Wednesday, January 30, 2013

Laser aimed at Coast Guard on approach to Kahului Airport, Hawaii

Lt. Aaron Gastaldo

Lt. Casey Corpe

Hawaii News Now - KGMB and KHNL 

 KAHULUI, MAUI (HawaiiNewsNow) - Another bright green laser forced a Coast Guard plane to abort its landing during a training mission on Monday night. The HC-130H Hercules aircraft was approaching the Kahului Airport with seven crew members were onboard when someone aimed a laser at the plane. Only co-pilot Lt. Aaron Gastaldo, 38, was affected. 

 "At 4,000 feet, I noticed a green flash off my left side, a little bit to my left, and I looked down and there was a green laser," said Gastaldo.

The plane immediately returned to Barbers Point on Oahu.

"It's upsetting because we had to call another pilot in who can't spend time with his family, and there's also a gap in the service that we provide to the public as far as distressed mariners," said Gastaldo.

Laser pointers can cause flash blindness or a temporary loss of night vision, but doctors cleared Gastaldo to fly again.

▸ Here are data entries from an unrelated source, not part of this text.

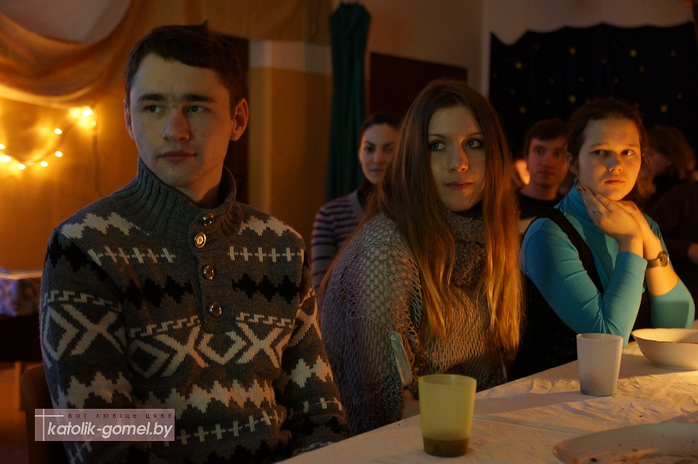 На встрече собрались почти 50 молодых людей из Гомеля, Светлогорска, Рогачева, Мозыря и Наровли. Администратор гомельского католического прихода Успения Пресвятой Девы Марии отец Андрей Шут, который проводил встречу, напомнил, что за праздничной мишурой важно не забыть о главном герое торжества - Иисусе Христе, о том, почему и ради чего Он пришел в мир: из безграничной любви к каждому человеку, чтобы спасти его от грехов.
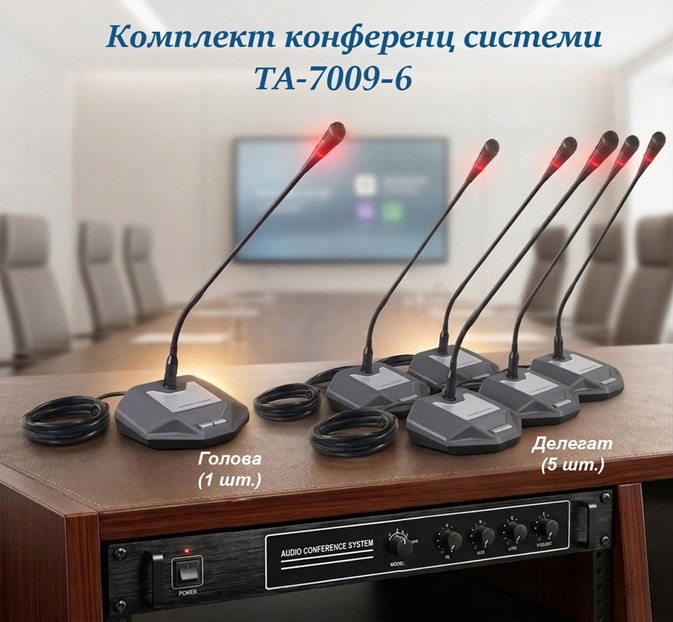 Комплект проводной конференц-системы TA-7009-6 для небольших конференц-залов, школ, институтов
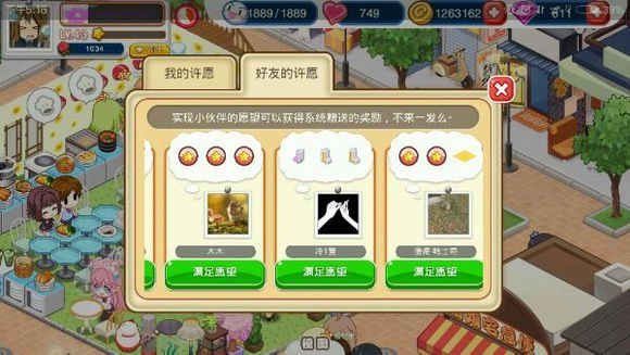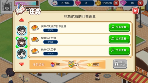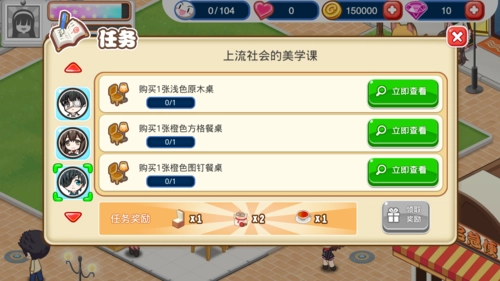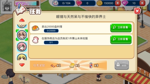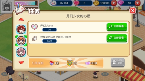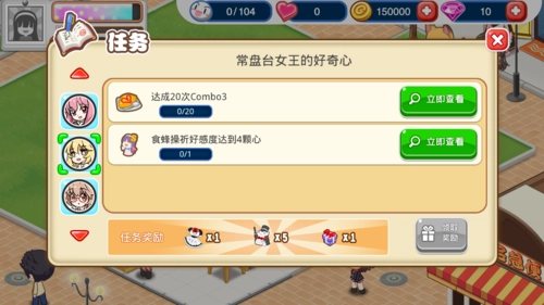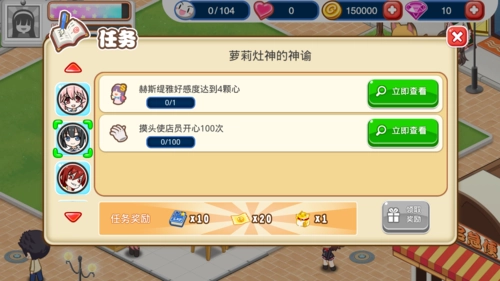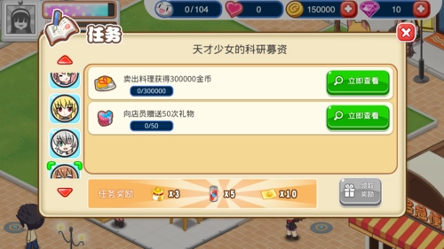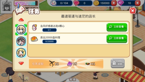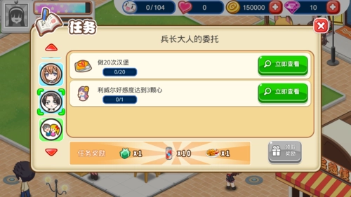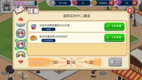 顾客在店里用餐后,有一定概率会出现爱心图标,点击图标赠送礼物可以增加好感度。不同的SP顾客性格不同,赠送礼物的好感加成也不一样。越往后,每颗心对应的好感度数值越高,升级的难度也就越大。SP顾客的任务中,有些会解锁新菜品,建议尽量完成这些任务——虽然难度不小,但多花些时间应该就能搞定,只是那些需要氪金的任务确实有点遗憾。
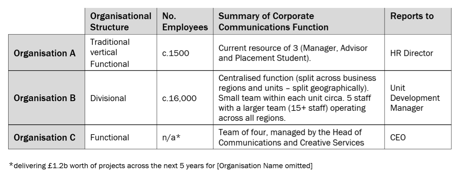 The positioning and reporting structure of the corporate communications function was different in all three organisations (shown below), possibly illustrating the argument that there is no ‘best fit’ for all organisations. However, also emphasising a lack of consistency in approach across civil engineering organisations.
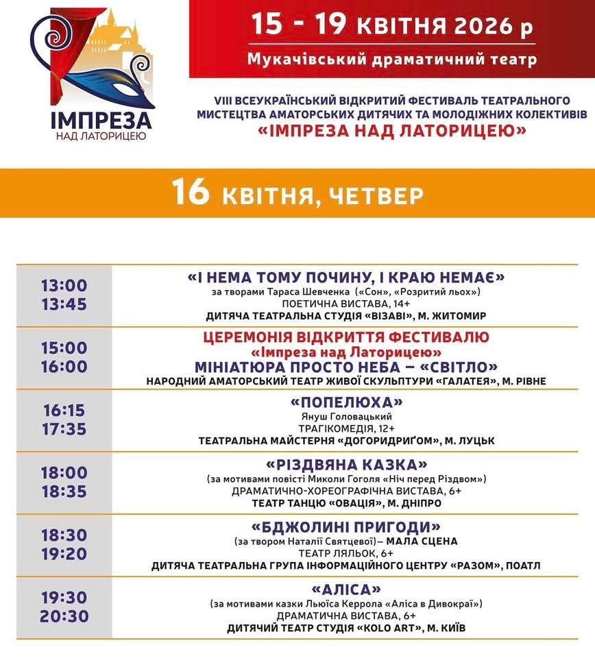 В Ужгороді триває VIII Всеукраїнський відкритий фестиваль театрального мистецтва аматорських дитячих та молодіжних колективів «Імпреза над Латорицею», який уже встиг подарувати глядачам яскраві емоції та незабутні враження.

This was the third laser incident in a little more than a year for Coast Guard crews based at Barbers Point.

Someone pointed a long-range laser at a helicopter two miles offshore of Oahu in October 2012. Another chopper encounter happened in December 2011. The FAA received 46 reports of laser incidents in Hawaii in 2012, up from 36 in 2011.

"It is difficult, but I know the federal agencies and state agencies are getting better at pinpointing," said U.S. Coast Guard Lt. Casey Corpe. "They will try and pinpoint that location and prosecute anybody if they do find them and it is a federal offense."

"It's not a game, so people that are doing it need to stop, and if you know people that are shooting aircraft with lasers, they need to stop, tell their friends to stop," said Corpe.

Police in Dallas, Texas arrested a man who allegedly beamed a laser at a police helicopter tracking a burglary suspect on Monday. The pilot was able to pinpoint the source and officers on the ground nabbed a 22-year-old man.

There were 3,482 last reports nationwide in 2012, according to the FAA.